Using mass spectrometry to identify different cells in tissues and blood, the researchers detected circulating sphingolipids – including ceramides and sphingomyelins – and quantified them for healthy and impaired animals at similar age points.
“At the time of metabolic syndrome diagnosis, we found significant differences in the composition of circulating ceramides between the healthy and impaired animals,” said Rozalyn Anderson, professor of medicine at the University of Wisconsin–Madison School of Medicine and Public Health.
Correlation analysis also revealed earlier ceramide differences between the animals that ended up being diagnosed with metabolic syndrome after two years and the ones that did not develop the syndrome.
“Seeing these differences earlier on, when animals were clinically indistinguishable from one another, provides a new insight on metabolic impairment, and how we might distinguish among individuals to identify those at elevated risk for disease,” Anderson said.
Overall, Anderson and her colleagues observed changes in lipid handling as animals progressed from healthy to insulin resistant. Specifically, the researchers found correlations between altered ceramides and early-stage markers of insulin resistance, diacylglycerols and non-esterified fatty acids in the impaired monkeys. Correlations between normal ceramides and adipose-derived adipokine adiponectin – a key regulator of insulin sensitivity and tissue inflammation – were apparent in healthy animals but not in the metabolically impaired animals, even in advance of their loss in insulin sensitivity.

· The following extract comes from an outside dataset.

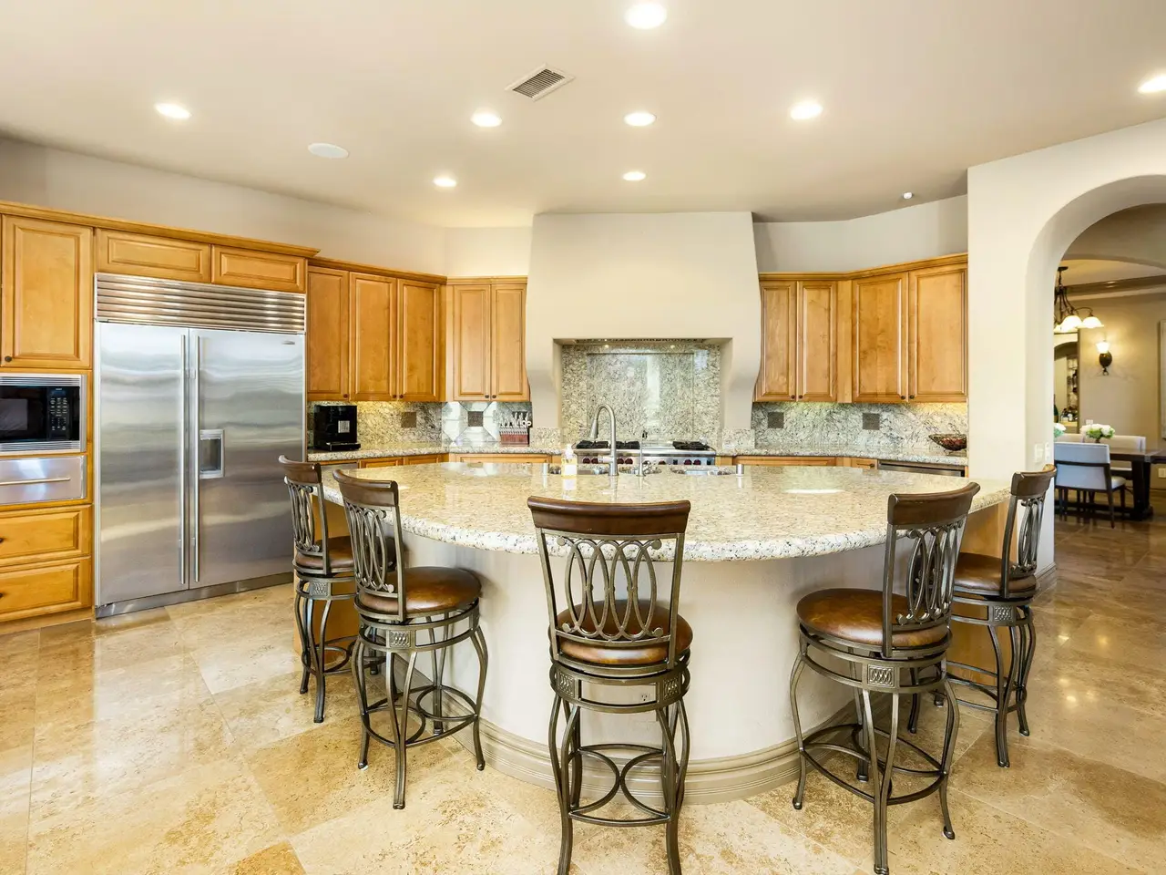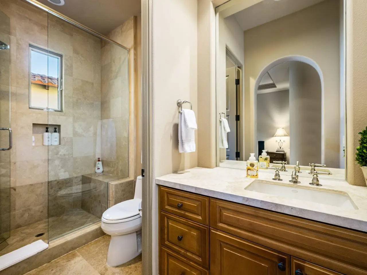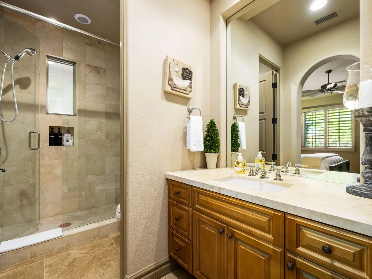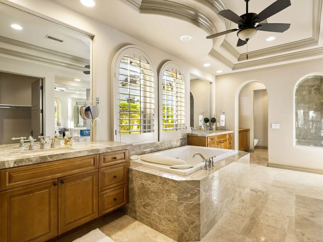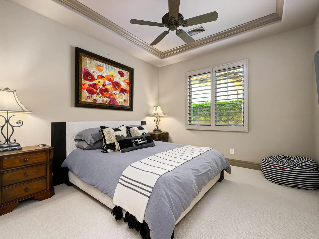 Live every day like a luxury vacation in the prestigious guard-gated community of Andalusia at Coral Mountain, where resort comforts, serene desert beauty, and first-class club amenities blend into an exceptional way of life. Nestled against the dramatic Santa Rosa & Coral Mountains, this private residence offers a peaceful sanctuary with unforgettable natural surroundings and seamless indoor-outdoor living designed to inspire relaxation and connection.Wake to quiet mornings framed by panoramic mountain views, and take in the soft glow of sunrise over the fairway. Enjoy coffee on your patio as the sun warms the peaks, then step out your door and embrace a lifestyle tailored to wellness, leisure, and social connection. With full social membership included in the HOA, residents enjoy access to the clubhouse, dining venues, state-of-the-art fitness & wellness facilities, racquet sports, resort pool, spa services, dog park, and miles of scenic walking and biking trails. A stunning 18-hole Rees Jones championship golf course winds through the community, with optional golf memberships available.Inside the home, tall ceilings, abundant natural light, and large view windows create a refined yet relaxed atmosphere ideal for everyday comfort and entertaining. The kitchen serves as the heart of the home, flowing into generous great-room and dining spaces perfect for gathering with friends after a day on the courts, links, or trails. The private primary retreat offers a peaceful haven for unwinding, complete with spa-inspired bath and dual walk-in closets. Two additional ensuite guest rooms in the main house ensure comfort for visitors, while the two-room casita with living room and bedroom offers the perfect space for extended stays or private work/wellness use.Step outside to your own personal resort environment. A sparkling pool and spa with cascading waterfalls create a tranquil backdrop for sun-soaked afternoons, while the built-in BBQ and covered patio areas set the stage for evening dining under glowing mountain silhouettes. Lush landscaping, open skies, and breathtaking views create a sense of calm and escape that defines life at Andalusia.Whether lounging poolside, enjoying a fitness class, connecting with neighbors at community events, or ending the day with golden mountain sunsets, this is desert luxury living at its finest a home where every moment feels like a retreat.

Because the monkeys were initially matched for body weight and adiposity that remained unchanged over the study period, these changes could not be attributed to differences in body composition, Anderson explained.
“These data suggest that changes in circulating ceramides are clinically relevant and may be the basis for identifying disease risk independent of differences in adiposity”. Anderson said.” If our findings translate to humans, as we expect they will, this would be hugely beneficial clinically because it would allow early preventive strategies to be adopted.”
The study included researchers from the School of Medicine and Public Health, the Wisconsin National Primate Research Center, the William S. Middleton Memorial Veterans Hospital, and the University of Texas Southwestern Medical Center.